Some teams are linking season-ticket plans to visits by the Warriors and new addition Kevin Durant.
Photo by: AP IMAGES
“I would say it will be highly unlikely that we will drill down any lower than a half-season plan,” said Pete Guelli, executive vice president and chief sales and marketing officer for the Hornets, about the team’s ticketing plan tied to the Warriors’ trip to Charlotte. “I turned our analytics team loose to navigate every potential scenario, and with a game like this in our market, you can drive behavior. We will be pretty aggressive.”

There’s a similar story in Philadelphia. Chris Heck, Sixers chief revenue officer, said the team is considering wrapping its game against the Warriors into an 11-game ticket plan. While Philadelphia does at this point plan to make the game available as a single-game purchase, Heck said Golden State’s trip to Philadelphia would be slotted on the highest tier of the Sixers’ variable-pricing scale. That could lead to tickets being priced at twice what they are for other games.

“The game will break our all-time single-game gate, I am convinced of that,” Heck said.

Selling against star-laden rosters isn’t new in the NBA. Miami got that treatment for their four-year run with LeBron James, Dwyane Wade and Chris Bosh. When Michael Jordan came out of retirement in 2001, the Washington Wizards were a hot draw. Now, the team Jordan owns, the Hornets, sits on the other side of the opportunity.

“When Jordan made his comeback, everyone built in 10-game plans,” said Bill Sutton, who at the time worked for the NBA’s team marketing and business operations department and now runs his own sports marketing consultancy. “A half-season plan [in Charlotte] is pretty aggressive, but if it works, it is a great thing.”

Amy Brooks, executive vice president of the NBA’s team marketing and business operation division, said the league will know more about other specific team ticketing plans involving the Warriors after the 2016-17 regular-season schedule is announced next month.
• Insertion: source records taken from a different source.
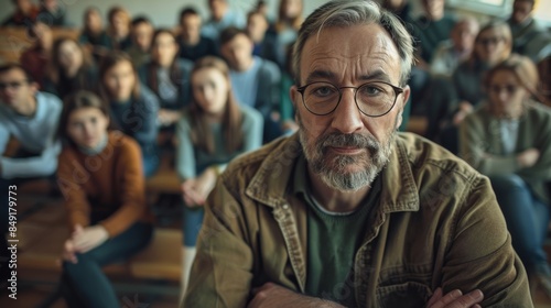 Photo of an adult professor giving a lecture to a group of university students and looking at the camera.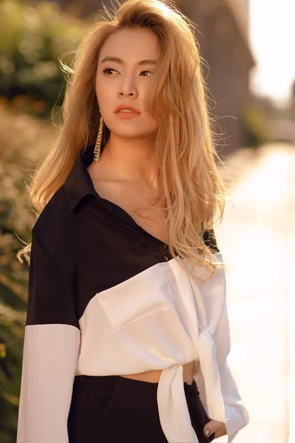 Sơ mi sệ vai mang lại cảm giác thoải mái được Hoàng Thùy Linh phối cùng quần âu đồng điệu sắc màu. Cách quấn vạt áo vừa tạo điểm nhấn vừa giúp người mặc tôn nét gợi cảm.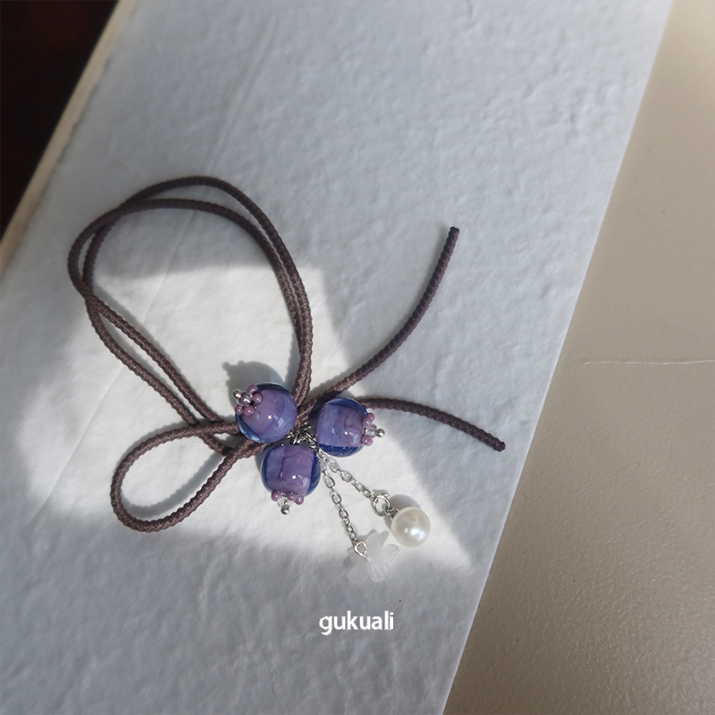 GUKUALI新款发圈紫水晶高弹力橡皮筋发绳珍珠发饰头绳女扎头发夏 - GUKUA LI 小姐设计品牌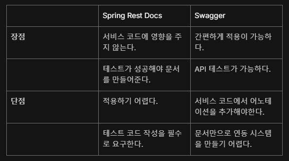 Spring Rest Docs, Swagger는 다음과 같은 장단점이 존재합니다.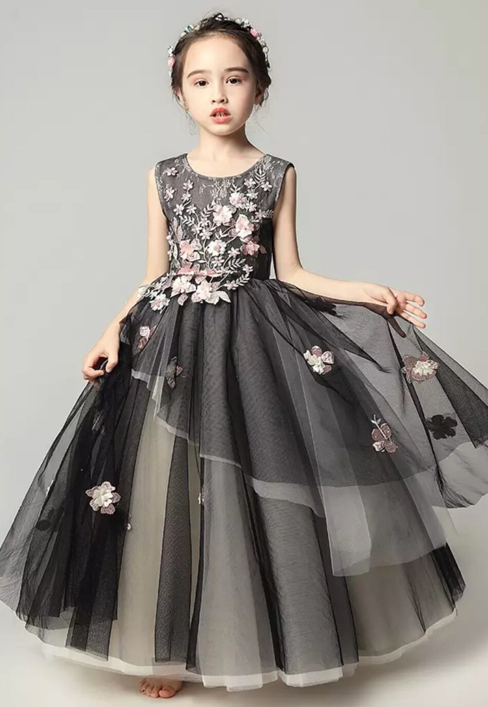 (geyaner_X0047) お花のロングドレス ブラック ピアノ 発表会 ドレス 子供 130 140 150 160 ドレス 子供 結婚式 キッズ ドレス 子供 ピアノ発表会ドレス | 2019新作ドレス★onlythebestオンリーザベスト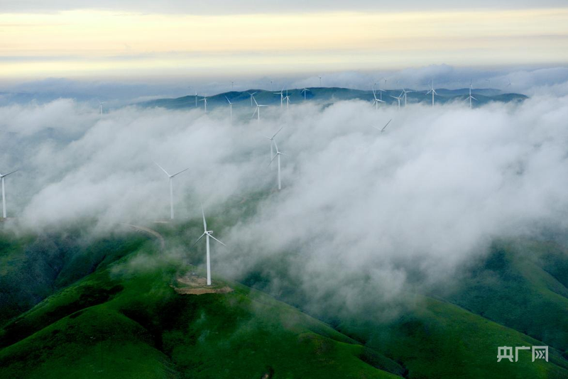 云雾缭绕中的风车(央广网发 霍林郭勒市融媒体中心供图)

In the case of the Hornets, Golden State has already been a strong draw for Charlotte in recent years because Warriors games mark the return of hometown hero Curry to town. Last season, the Golden State game was one of 13 sellouts for the Hornets. Durant’s addition will only increase demand for that game.
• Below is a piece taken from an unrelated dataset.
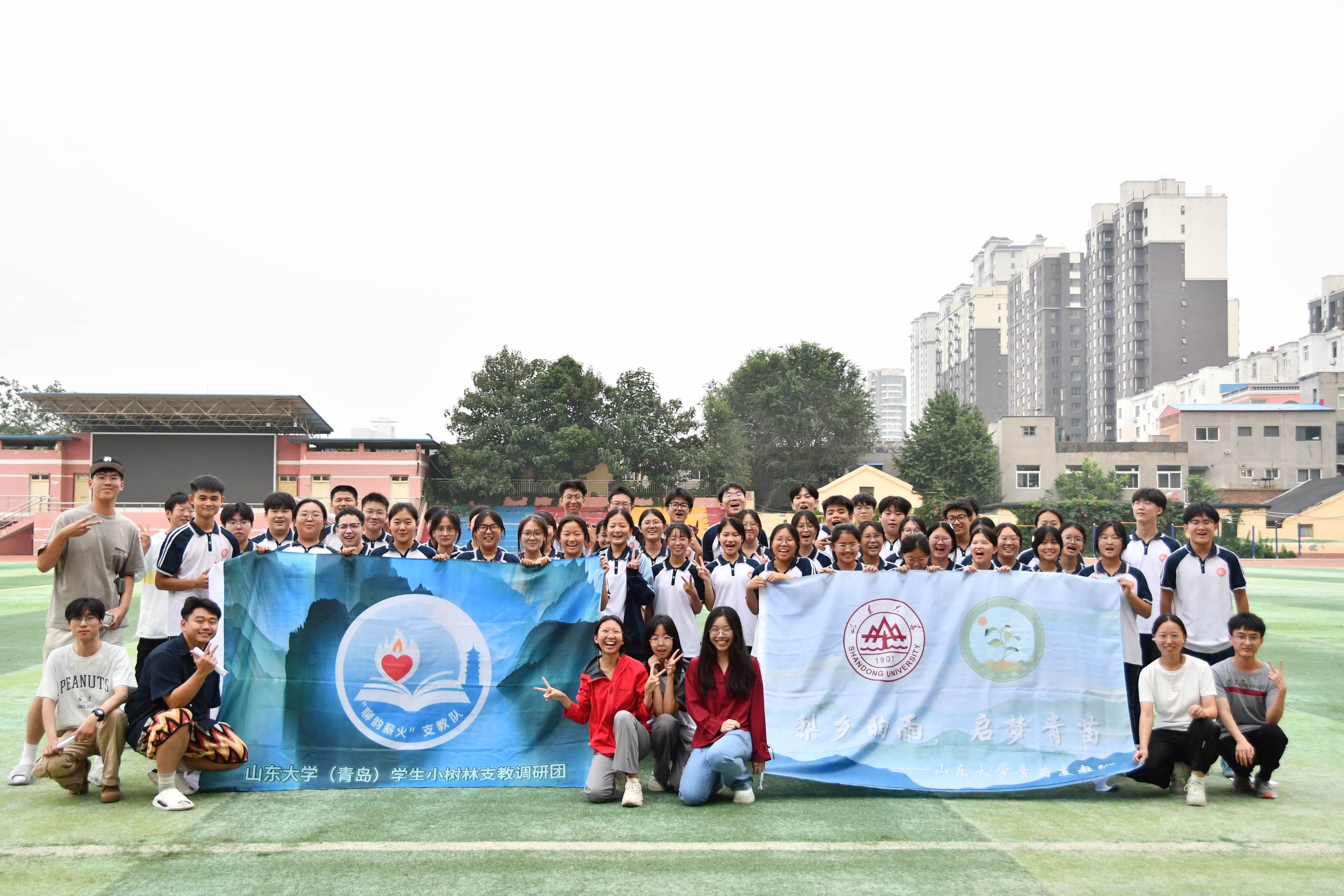 青苗支教队和聊韵薪火支教队的队员们特意策划了一场充满欢声笑语的破冰活动。在阳光明媚的操场上,队员们带领着冠县一中4班与8班的同学们开启了一场别开生面的互动游戏。

While the Hornets also already rank among the top NBA teams for new full-season tickets sold for 2016-17 and are on track to reach the league’s benchmark of 10,000 full-season tickets, there’s still plenty of runway left to fill their 19,077-seat arena. Charlotte last season averaged 17,455 fans per game, ranking 18th in the 30-team league.

“There is still a tremendous amount of inventory,” Guelli said. He added that the Hornets may alter their plans for the Warriors game after monitoring initial sales, but he said the team will take the package-sales approach to start for sales of the game.
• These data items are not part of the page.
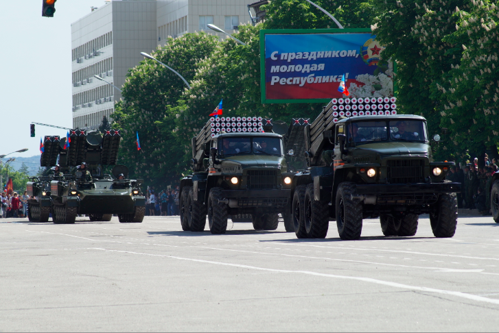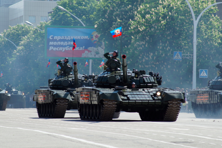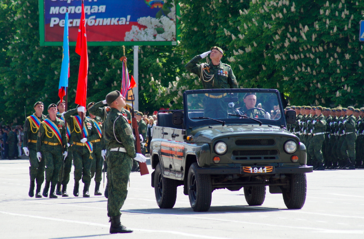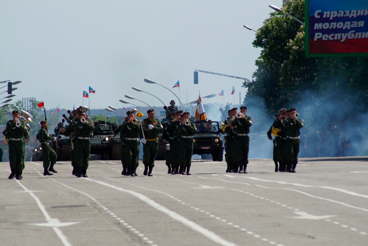 Утром на Театральной площади Луганска состоялся военный парад, в котором приняли участие порядка 1 тыс. военнослужащих Народной милиции, сотрудников правоохранительных органов Республики, а также воспитанники кадетского корпуса имени героев "Молодой Гвардии" и сводный оркестр. Принимал парад глава ЛНР Игорь Плотницкий, командовал парадом начальник управления Народной милиции полковник Олег Анащенко. По центральной площади Республики прошли танки Т-72, БМП и БТР, пусковые установки реактивной системы залпового огня "Град", самоходные и буксируемые артиллерийские установки.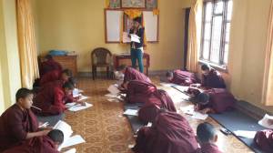 Eine Nonne, Ani Chodon, aus einem Kloster in Mussoorie (Indien) hat 1 Jahr lang buddhistische Philosophie unterrichtet. Sie wird nun nach den Prüfungen in ihr Kloster zurückkehren.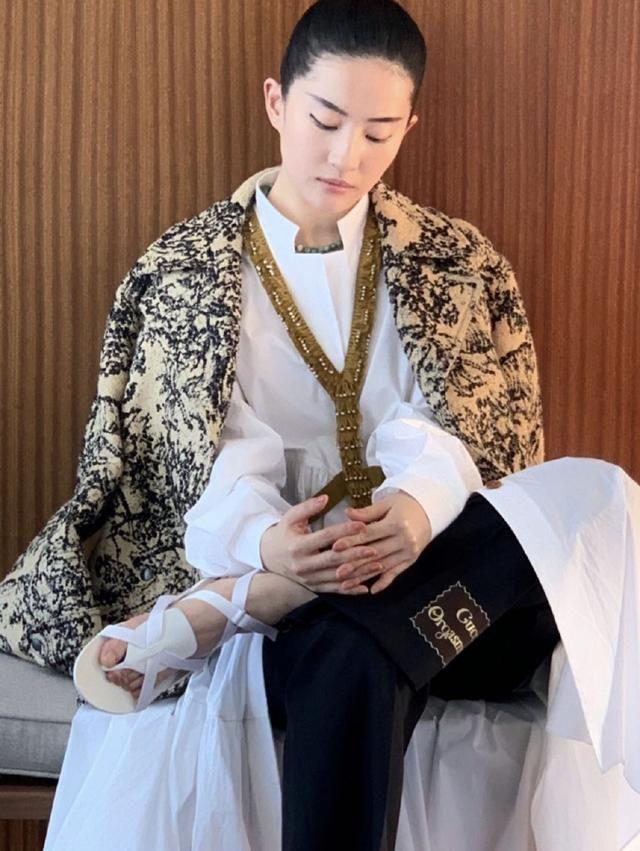 刘亦菲的气质可以说是无人能比的,加上刘亦菲无论是穿什么样的衣服,都能凸显出她的气质和魅力,下图照片中,刘亦菲穿了一件白色高领衬衫,搭配高腰阔腿西装裤,看着非常有女人味。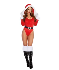 Odkryj wyjątkowy, świąteczny kostium marki Dreamgirl, stworzony z myślą o osobach pragnących wprowadzić atmosferę radości podczas świątecznych okazji. Zestaw w rozmiarze S obejmuje trzy starannie dopasowane elementy, ktore pozwolą poczuć się jak prawdziwy pomocnik Mikołaja. Kompletny kostium zawiera body z regulowanym kapturem, wykończonym delikatnym, sztucznym futerkiem dla podkreślenia zimowego stylu, praktyczny pas oraz nakładki na buty idealnie dopełniające całościowy wygląd.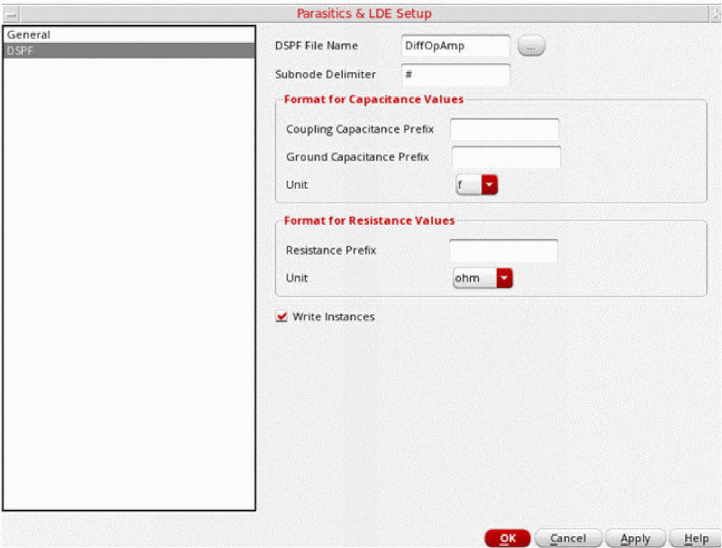 on the EAD toolbar or the EAD Browser toolbar and choose Generate DSPF File. The Parasitics & LDE Setup form is displayed.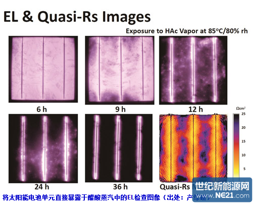 产综研称,将太阳能电池单元直接暴露于醋酸蒸汽中,则很短时间内就可看到与在高温高压环境下模块上所观测到的相同现象。劣化现象的发生速度约为在模块上实施试验的原方法的70倍。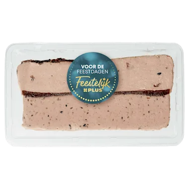 23% Varkenslever, varkensvet, 12% varkensvlees, rijstcrème (MELK, rijstbloem), 6% vruchtenbereiding (suiker, 26% cranberries, 22% veenbessen), 6 % cranberry-gelatine (43% cranberries, suiker, varkensgelatine, aardappelvezel, verdikkingsmiddel: pectinen, voedingszuur: citroenzuur), 6% kippenlever, varkensbindweefsel, SCHARRELEI, varkenseiwit, 1,4% truffeltapenade (champignon, olijfolie, 10% zwarte truffel, water, bamboevezel, zout, aroma), voedingszuur: E262/E325, nitrietpekelzout (zout, conserveermiddel: E250), suiker, Madeirawijn, gebakken ui, hoorn-des-overvloedspaddenstoel, specerijen (o.a MOSTERD), erwtenzetmeel, antioxidant: E300/E330, natuurlijk aroma, dextrose, truffelaroma, varkenshemoglobine.

What remains to be seen, of course, is whether all the Warriors stars will play in all their high-demand, high-priced games — or if Golden State coach Steve Kerr takes a cue from San Antonio’s Gregg Popovich, who hasn’t been shy in recent years from resting his stars when he sees fit, even if it’s a nationally televised game. To that end, expect ABC/ESPN and Turner to max out on the number of Warriors games they’re contractually allowed to carry in the coming season.

“Everyone wants to see the four-headed monster,” Sutton said.